The article mentions that 9-1-1 calls can be made without a SIM card, and the phone will attach to the strongest network, regardless of the phone’s home network.

Out of curiosity, is the same thing true if the phone is in Airplane mode? Or would attempting to make an emergency call instruct the phone to attach to its home network?


That's a great question, I don't think I ever tried to do an emergency call while in airplane mode in the lab so I don't know the answer with authority. It's a little bit closer to the radio technology than I tended to operate at.

This is likely going to depend on the OS implementation, since lots of OSes allow emergency calls even while the phone is locked (from the lock or password entry screen). My speculation would be that the emergency call would activate the cellular modem to do the emergency call, but as I said I'm not confident in that answer (and please don't try it to just test it out).

> Or would attempting to make an emergency call instruct the phone to attach to its home network?

That's a great question, I don't think I ever tried to do an emergency call while in airplane mode so I don't know the answer with authority.

This is likely going to depend on the OS implementation, since lots of OSes allow emergency calls even while the phone is locked (from the lock or password entry screen).

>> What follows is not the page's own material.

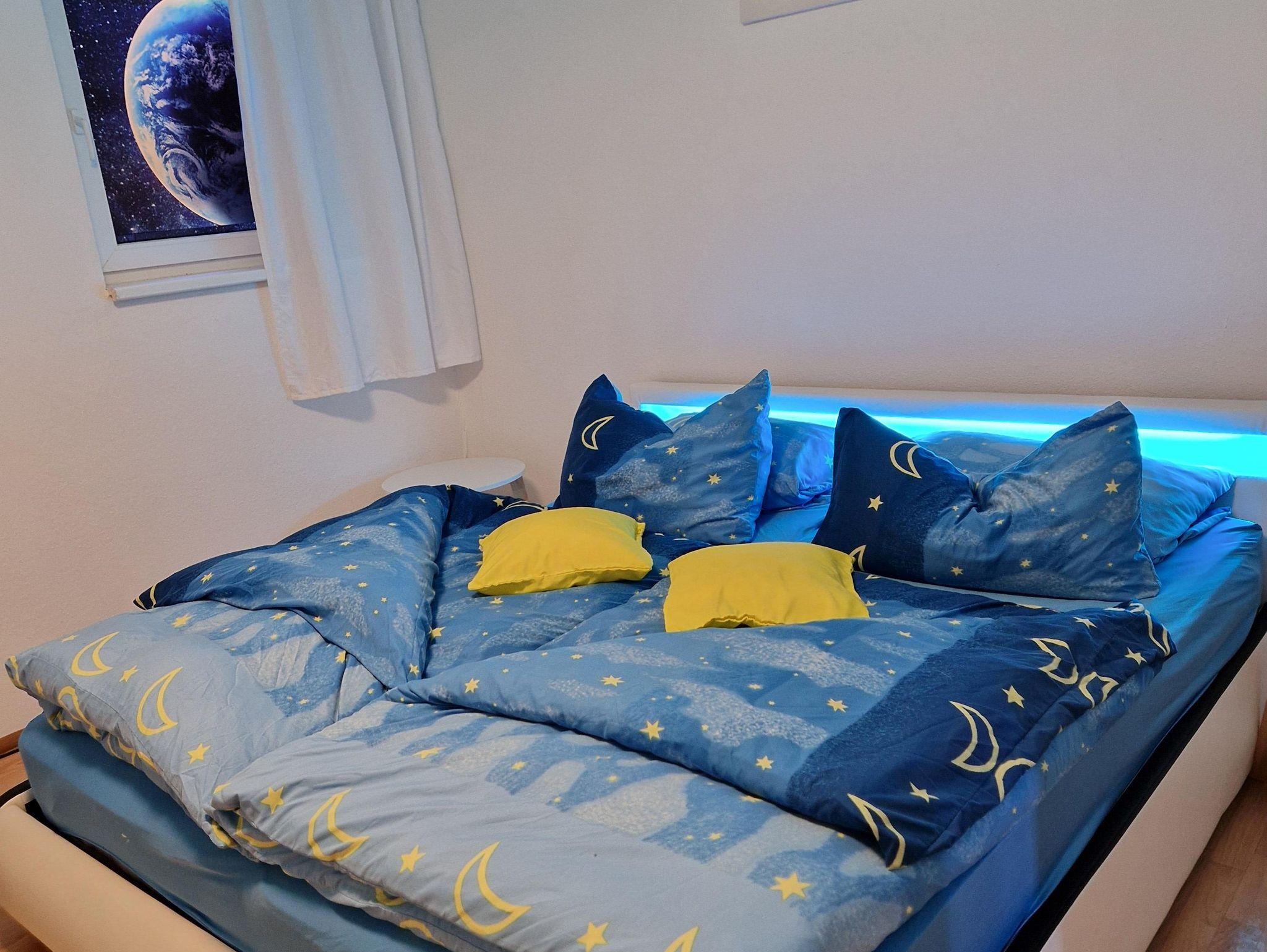 Die Wohnung verfügt über ein Schlafzimmer mit Doppelbett, auf Wunsch ein Babybett und bei Belegung mit 3 Personen ein Zustellbett. Bettwäsche ist vorhanden.

My speculation would be that the emergency call would activate the cellular modem to do the emergency call and go back into airplane mode afterwards. But I'm really not sure and it's been a few years since I've looked at this.

> Or would attempting to make an emergency call instruct the phone to attach to its home network?

The phone wouldn't need to attach to it's home network first in any circumstance. Even when you're already connected to your home network, the device actually re-attaches itself in an emergency mode (atleast in LTE/VoLTE, I don't know about the older technologies I didn't work on). You would likely still use your own network, as the first frequencies the phone will be the frequencies in use by your own carrier.


I’ve been waiting for a post like this. Thanks for writing it up. Even though the letter is light on details, it’s made up for with the extra context this article provides.

Minor spelling mistake: SaskTel, not Sasktell


Thanks and fixed the typo... thanks for pointing that out.